While we are in the early days of commercial AI regulation, organizations cannot sit by and wait for lawmakers to create a road map. To do that is to miss out on gains made possible by AI, like the discovery of insights that can lead to innovations that benefit business and society, intelligent automation of processes that can free up human workers to add more strategic value or the creation of new products and services that fulfill unmet needs and help organizations leapfrog their competitors. 

An organization’s board of directors and C-suite should view the ethical use of AI as an imperative—one that can’t be ignored. To do so, C-suite leaders should leverage an AI framework like the one below.


This AI framework can ensure the ethical use of AI and sustain the trust of employees and customers. It includes six steps:

1. Fair And Impartial Use Checks

AI applications must include internal and external checks to ensure equitable application across all participants. Impartial AI—ensuring that data and algorithms minimize discriminatory bias and avoid pitfalls introduced by humans during the coding process—is one of the most frequently discussed issues around AI and can help prevent unintended, unfair consequences for receivers of AI-driven decisions.

2. Implementing Transparency And Explainable AI

Organizations should prepare to make algorithms, attributes and correlations open to inspection so that participants can understand how their data is being used and how decisions are made. What makes this challenging is the growing complexity of machine learning and the popularity of deep-learning neural networks, which can behave like black boxes with no explanation of how their results were computed.

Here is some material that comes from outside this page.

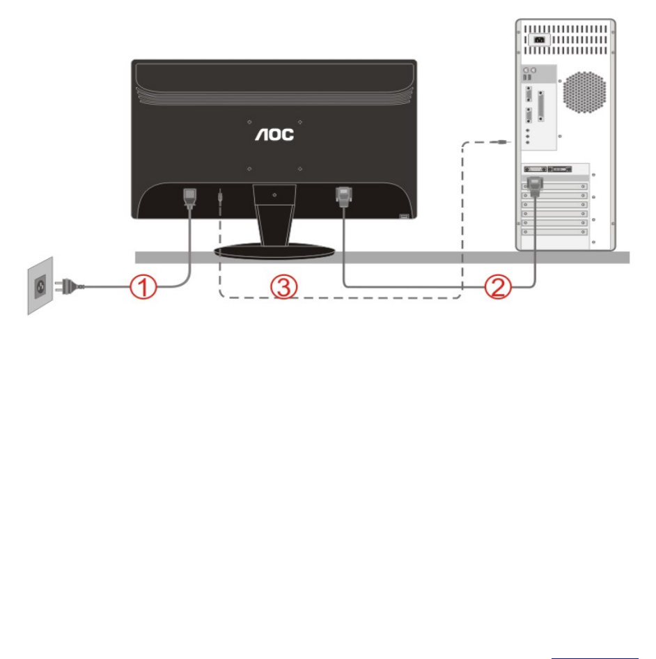 a grounded power outlet and to the monitor.

3. Responsibility And Accountability

Policies must be put in place to determine who is held responsible for when AI system outputs go wrong. This issue epitomizes the uncharted aspect of AI: Is it the responsibility of the developer, tester or product manager? Is it the machine learning engineer, who understands the inner workings? Or does ultimate responsibility go higher up the ladder to the CIO or CEO, who might have to testify before a government body?

4. Putting Proper Security In Place

AI systems must have sufficient measures in place to be safe from cybersecurity risks that may cause physical and/or digital harm to consumers. As AI systems increasingly show up in our physical worldfrom driverless cars to smart homes to medical health devicesthis issue is critical and high on most leaders’ agendas. In fact, cybersecurity vulnerability is the biggest concern among early adopters of AI. 

5. Monitoring For Reliability

AI systems must be able to learn from humans and other systems and produce consistent and reliable outputs. The ability of AI and machine learning systems to get smarter as they interact with humans is core to this technology’s promise, but this very same feature creates new levels of potential risk. Organizations must ensure their algorithms continue to produce reliable results each time new data is added, understand if additional human layers add biases and act when inconsistencies are discovered.

6. Safeguarding Privacy

Organizations should ensure that consumer privacy is respected, customer data is not leveraged beyond its intended and stated use and consumers can opt in and out of sharing their data. For businesses, protecting consumers’ right to privacy and communicating about that transparently while using that data to provide better products and services is a real balancing act. This is the area that’s likely to see more regulation in the near term, such as the California Consumer Privacy Act, which went into effect January 1. 

Organizations ready to embrace AI and thrive in the Age of With must start by putting trust at the center. They must thoroughly assess whether their organization meets the criteria for trustworthy and ethical AI; it’s a necessary step in increasing the returns and managing the risks that constitute the transformational promise of AI.